Textkritischer Apparat

  1. Buchstabe ähnlich einem spiegelverkehrten S.
  2. Kreuz in Form eines T.
  3. Ergänzt nach Nachzeichnung Mader, Kdm Passau; P mit Balken durch den Schaft. Zu ergänzen wäre ursprünglich I.
  4. Auf dem Kopf stehendes lateinisches Kreuz, ursprünglich wohl für I.
  5. Z mit geschwungenem oberen Balken und häkchenförmig auslaufendem unteren Balken.
  6. Möglicherweise fälschlich für F.

Anmerkungen

  1. Gerade diese beinahe archaisch wirkenden Buchstabenformen gaben wahrscheinlich Mader den Anlass, die Inschrift ins 12. oder sogar noch ins 11. Jahrhundert zu datieren, vgl.

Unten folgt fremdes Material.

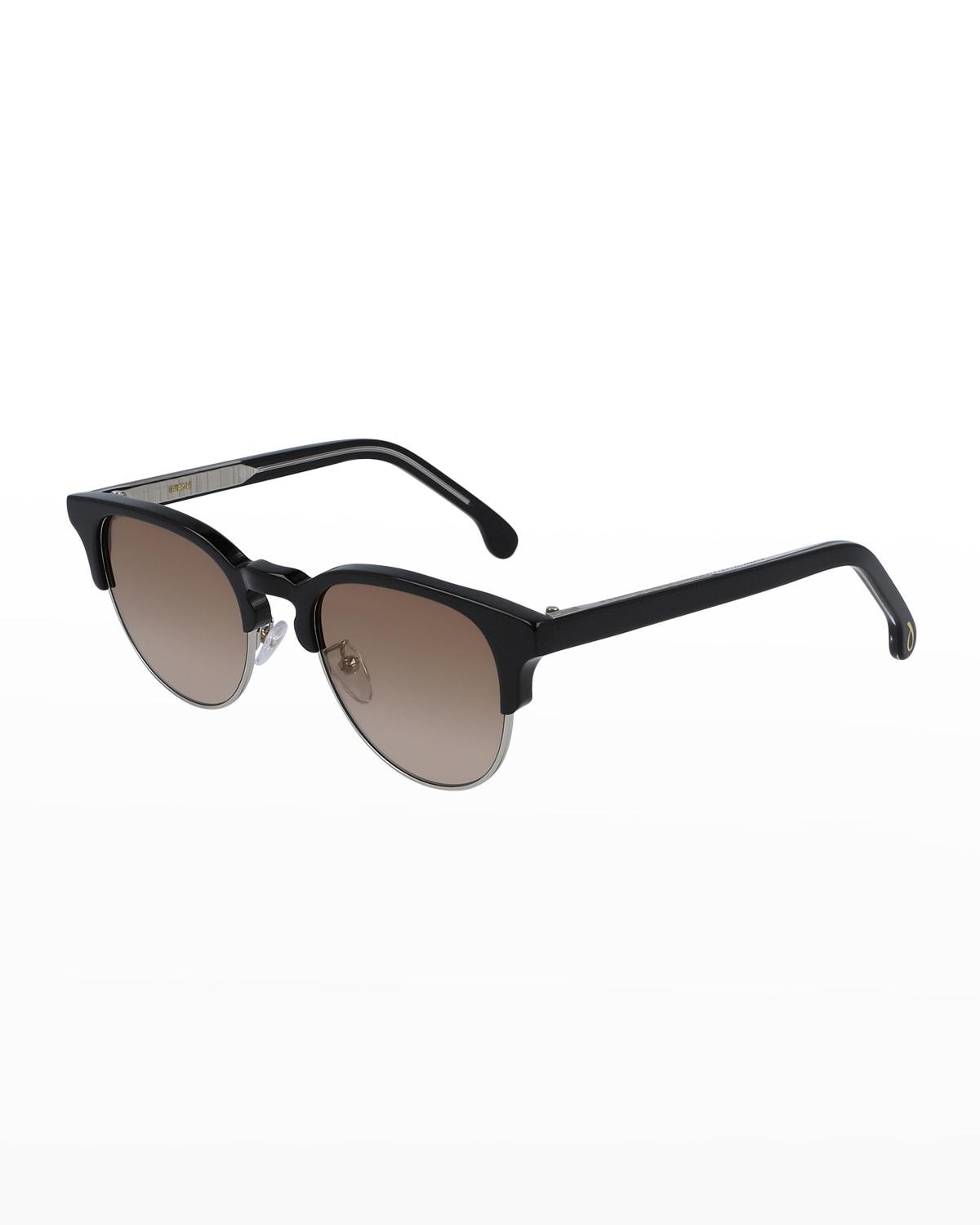 Paul Smith "Birch" round sunglasses with acetate/metal frames Eye/bridge/temple (in mm): 51-20-145 Gradient lenses Half-rim frames Keyhole nose bridge Adjustable nose pads Thin arms; angular temple tips with inlaid gold-tone P-logo 100% UVA/UVB protection Made in Italy

Kdm Passau 26.
  2. Für genauere Angaben vgl. Hoffmann-Krayer, Zachariassegen passim.
  3. Kdm Passau 25f.
  4. Diese Inschrift ist bei Erhard, Topographie 1,3 33f. erwähnt. Erhard erhielt als Information von den Einwohnern des Hauses, dass es sich bei der Buchstabenfolge um einen alten Segens- oder Zauberspruch gegen die Pest handeln soll.

Nachweise

  1. Kdm Passau 25f.

Zitierhinweis:
DI 80, Passau I, Nr. 185 (Ramona Epp), in: www.inschriften.net, urn:nbn:de:0238-di080m014k0018502.